▶ _Dataset extract_:
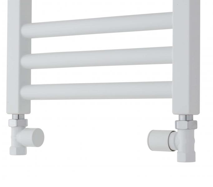 TVS lige ventilsæt type 110 vendbart - Hvid Ligeløbendeventilsæt type 110 Manuel ventilsæt type 110 er et ligeløbendeventilsæt som bruges når man skal have sin håndklædetørrer monteret på central- / fjernvarmesystemet. Brugen af denne type ventil kræver at der kommer rør op fra gulvet eller ned fra loftet. Man vil typisk bruge denne type ventil hvis man ønsker en løsning der ikke fylder meget og hvor der ikke skal reguleres på varmen jævnligt. Da reguleringen er manuel og ikke termostatstyret vil ventilen være meget følsom og der skal ikke skrues ret meget på ventilhovedet for at stille temperaturen. Ønsker men en ventil med termostat skal man vælge type 210 fra TVS i stedet for. TVS ventilsæt med ligeløbende ventiler - hvid. Manuelt reguleret. Med fremløbsventil og afspærre-/begrænserventil. Specifikationer:
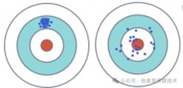 舉個例子,我們測量大氣中的氧氣,假設(shè)氧氣含量為21%,有兩臺養(yǎng)分儀,連續(xù)5次測量,儀器顯示值如圖1所示。1#最大誤差-0.5%,2號最大誤差0.3%,這兩臺表,你認(rèn)為哪一臺更好?就像圖2兩個選手打靶,你覺得哪個水平高?
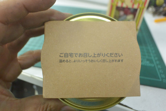 上面には「ご自宅でお召し上がりください」って書いてある。これをUSJで食うやつがいるのか。「温めると・・・」とありますが、これ大事だからおぼえておいてね。缶詰は缶をそのまま温めちゃだめだからね。必ず別の容器に移してから温めてね。

▶ _Problem statement_:
Please give all of the data again, exact and free of pictures.

▶ _Solution to this exercise_:
 TVS lige ventilsæt type 110 vendbart - Hvid Ligeløbendeventilsæt type 110 Manuel ventilsæt type 110 er et ligeløbendeventilsæt som bruges når man skal have sin håndklædetørrer monteret på central- / fjernvarmesystemet. Brugen af denne type ventil kræver at der kommer rør op fra gulvet eller ned fra loftet. Man vil typisk bruge denne type ventil hvis man ønsker en løsning der ikke fylder meget og hvor der ikke skal reguleres på varmen jævnligt. Da reguleringen er manuel og ikke termostatstyret vil ventilen være meget følsom og der skal ikke skrues ret meget på ventilhovedet for at stille temperaturen. Ønsker men en ventil med termostat skal man vælge type 210 fra TVS i stedet for. TVS ventilsæt med ligeløbende ventiler - hvid. Manuelt reguleret. Med fremløbsventil og afspærre-/begrænserventil. Specifikationer:
 舉個例子,我們測量大氣中的氧氣,假設(shè)氧氣含量為21%,有兩臺養(yǎng)分儀,連續(xù)5次測量,儀器顯示值如圖1所示。1#最大誤差-0.5%,2號最大誤差0.3%,這兩臺表,你認(rèn)為哪一臺更好?就像圖2兩個選手打靶,你覺得哪個水平高?
 上面には「ご自宅でお召し上がりください」って書いてある。これをUSJで食うやつがいるのか。「温めると・・・」とありますが、これ大事だからおぼえておいてね。缶詰は缶をそのまま温めちゃだめだからね。必ず別の容器に移してから温めてね。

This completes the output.